Friday, March 29, 2024

Mr. Ad Hominem

Do law students take courses in basic logic anymore? Or has professor Charles W. Kingsfield, Jr. been replaced by lawyer-trained pragmatists who advocate gaming the system with fallacy-fueled emotional appeals to judges and juries?

Surely there are a great number of individuals in our judicial system who can recognize, and object to, an ad hominem argument

Hominem? That's a word that sounds like another word, but means something different.
Hominem is almost a homonym for homonym.

An ad hominem argument is one made against the person who testifies. Instead of attacking the testimony – which might prove difficult – one attacks the person, giving the impression that the individual is so tainted by personal or professional biases or shortcomings that nothing said can be credited.

"You can't believe him. He beats his wife. He repeated the third grade," is an example of an ad hominem argument.

It seems that whether or not any given testimony is scientifically sound or corroborated by other authorities, it now suffices for some to cast aspersions on the testifier.

Stephen Tillery must have missed Professor Kingsfield's classes. In any case, he's becoming adept at ad hominem attacks and guilt by association rather than pain-staking rebuttal.

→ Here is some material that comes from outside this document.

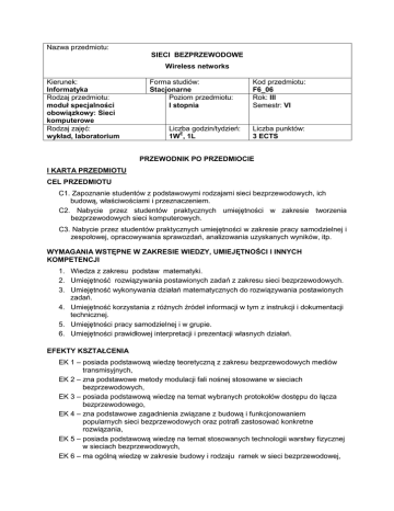 Nazwa przedmiotu: SIECI BEZPRZEWODOWE Wireless networks Kierunek: Informatyka Rodzaj przedmiotu: moduł specjalności obowiązkowy: Sieci komputerowe Rodzaj zajęć: wykład, laboratorium Forma studiów: Stacjonarne Poziom przedmiotu: I stopnia Liczba godzin/tydzień: 1WE, 1L Kod przedmiotu: F6_06 Rok: III Semestr: VI Liczba punktów: 3 ECTS PRZEWODNIK PO PRZEDMIOCIE I KARTA PRZEDMIOTU CEL PRZEDMIOTU C1. Zapoznanie studentów z podstawowymi rodzajami sieci bezprzewodowych, ich budową, właściwościami i przeznaczeniem. C2. Nabycie przez studentów praktycznych umiejętności w zakresie tworzenia bezprzewodowych sieci komputerowych. C3. Nabycie przez studentów praktycznych umiejętności w zakresie pracy samodzielnej i zespołowej, opracowywania sprawozdań, analizowania uzyskanych wyników, itp. WYMAGANIA WSTĘPNE W ZAKRESIE WIEDZY, UMIEJĘTNOŚCI I INNYCH KOMPETENCJI 1. Wiedza z zakresu podstaw matematyki. 2. Umiejętność rozwiązywania postawionych zadań z zakresu sieci bezprzewodowych. 3. Umiejętność wykonywania działań matematycznych do rozwiązywania postawionych zadań. 4. Umiejętność korzystania z różnych źródeł informacji w tym z instrukcji i dokumentacji technicznej. 5. Umiejętności pracy samodzielnej i w grupie. 6. Umiejętności prawidłowej interpretacji i prezentacji własnych działań. EFEKTY KSZTAŁCENIA EK 1 – posiada podstawową wiedzę teoretyczną z zakresu bezprzewodowych mediów transmisyjnych, EK 2 – zna podstawowe metody modulacji fali nośnej stosowane w sieciach bezprzewodowych, EK 3 – posiada podstawową wiedzę na temat wybranych protokołów dostępu do łącza bezprzewodowego, EK 4 – zna podstawowe zagadnienia związane z budową i funkcjonowaniem popularnych sieci bezprzewodowych oraz potrafi zastosować konkretne rozwiązania, EK 5 – posiada podstawową wiedzę na temat stosowanych technologii warstwy fizycznej w sieciach bezprzewodowych, EK 6 – ma ogólną wiedzę w zakresie budowy i rodzaju ramek w sieci bezprzewodowej, EK7 – potrafi zastosować odpowiednie metody zabezpieczeń w sieciach bezprzewodowych, EK8 – ma ogólna wiedzę w zakresie nowych rozwiązań stosowanych w sieciach bezprzewodowych, EK 9 – potrafi pracować samodzielnie oraz w zespole, a także przygotować sprawozdanie z przebiegu realizacji ćwiczeń. TREŚCI PROGRAMOWE Forma zajęć – WYKŁADY W 1 – Bezprzewodowe media transmisyjne, właściwości W 2 – Metody modulacji w sieciach bezprzewodowych W 3 – Wybrane protokoły dostępu do łącza bezprzewodowego W 4 – Standard sieci bezprzewodowych 802.11 W 5 – Topologie, elementy sieci bezprzewodowych 802.11 W 6 – Dostęp do medium transmisyjnego, funkcje DCF i PCF w 802.11 W 7 – Budowa ramek w sieci 802.11 W 8 – Technologie warstwy fizycznej - DSSS, HR/DSSS W 9 – Technologie warstwy fizycznej – OFDM W 10 – Technologie warstwy fizycznej – MIMO W 11 – Bezpieczeństwo sieci bezprzewodowych - WEP W 12 – Bezpieczeństwo sieci bezprzewodowych - WPA/WPA2 W 13 – Bezprzewodowe sieci kratowe W 14 – Sieć bezprzewodowa Bluetooth W 15 – Sieć bezprzewodowa WiMax Forma zajęć – LABORATORIUM L 1 – Symulacja wielowartościowej modulacji fali nośnej L 2 – Badanie modulacji OOK, 16QAM, FSK, GFSK L 3 – Badanie modulacji 4-GFSK, CP-FSK, MSK, DE-MSK L 4 – Badanie modulacji GMSK, BPSK, DE-BPSK, DPSK L 5 – Badanie modulacji QPSK i DQPSK, 8-PSK , 16PSK L 6 – Badanie modulacji w sieci Aloha i BlueTooth L 7 – Badanie modulacji w sieci 802.11 L 8 – Analiza działania protokołu Aloha L 9 – Badanie szybkości transmisji danych przy zastosowaniu protokołu Aloha L 10 – Analiza działania protokołu Csma L 11 – Badanie szybkości transmisji danych przy zastosowaniu protokołu Csma L 12 – Konfiguracja AP (802.11) – serwer DHCP L 13 – Konfiguracja AP (802.11) – bezpieczeństwo sieci L 14 – Badanie jakości sygnału sieci L 15 – Badanie zabezpieczeń sieci Liczba godzin 1 1 1 1 1 1 1 1 1 1 1 1 1 1 1 Liczba godzin 1 1 1 1 1 1 1 1 1 1 1 1 1 1 1 NARZĘDZIA DYDAKTYCZNE 1. – wykład z wykorzystaniem prezentacji multimedialnych 2. – ćwiczenia laboratoryjne, opracowanie sprawozdań z realizacji przebiegu ćwiczeń 3. – przykładowa sieci bezprzewodowe 4. – środowisko programistyczne do symulacji metod modulacji i protokołów warstwy łącza danych. 5. – instrukcje do wykonania ćwiczeń laboratoryjnych SPOSOBY OCENY ( F – FORMUJĄCA, P – PODSUMOWUJĄCA) F1. – ocena przygotowania do ćwiczeń laboratoryjnych F2. – ocena umiejętności stosowania zdobytej wiedzy podczas wykonywania ćwiczeń F3. – ocena sprawozdań z realizacji ćwiczeń objętych programem nauczania F4. – ocena aktywności podczas zajęć P1. – ocena umiejętności rozwiązywania postawionych problemów oraz sposobu prezentacji uzyskanych wyników – zaliczenie na ocenę* P2. – ocena opanowania materiału nauczania będącego przedmiotem wykładu – zaliczenie wykładu (lub egzamin) *) warunkiem uzyskania zaliczenia jest otrzymanie pozytywnych ocen ze wszystkich ćwiczeń laboratoryjnych, OBCIĄŻENIE PRACĄ STUDENTA Forma aktywności Godziny kontaktowe z prowadzącym Średnia liczba godzin na zrealizowanie aktywności 15W 15L 30 h Godziny konsultacji z prowadzącym 5h Godziny przeznaczone na egzamin 3h Zapoznanie się ze wskazaną literaturą 9.5 h Przygotowanie do ćwiczeń laboratoryjnych 7.5 h Wykonanie sprawozdań z realizacji ćwiczeń laboratoryjnych (czas poza zajęciami laboratoryjnymi) 5h Przygotowanie do egzaminu (kolokwium) 15 h Suma SUMARYCZNA LICZBA PUNKTÓW ECTS DLA PRZEDMIOTU Liczba punktów ECTS, którą student uzyskuje na zajęciach wymagających bezpośredniego udziału prowadzącego Liczba punktów ECTS, którą student uzyskuje w ramach zajęć o charakterze praktycznym, w tym zajęć laboratoryjnych i projektowych 75 h 3 ECTS 1.5 ECTS 1.1 ECTS LITERATURA PODSTAWOWA I UZUPEŁNIAJĄCA Engest A., Fleishman G., „Sieci bezprzewodowe, praktyczny przewo

Recently, in his long-running suit against the makers of weedkiller atrazine, Tillery and his firm charged that Syngenta paid the Heartland Institute "to generate false studies and to plant sympathetic editorials in an effort to sway public opinion concerning the effects of atrazine."

Syngenta has the right to make its case in the court of public opinion as well as in a court of law. If Tillery suspects that the Heartland studies are false, let him duplicate their research and produce the results.

Show us the proof. Back what's alleged with facts and corroboration. That would be the logical way to respond.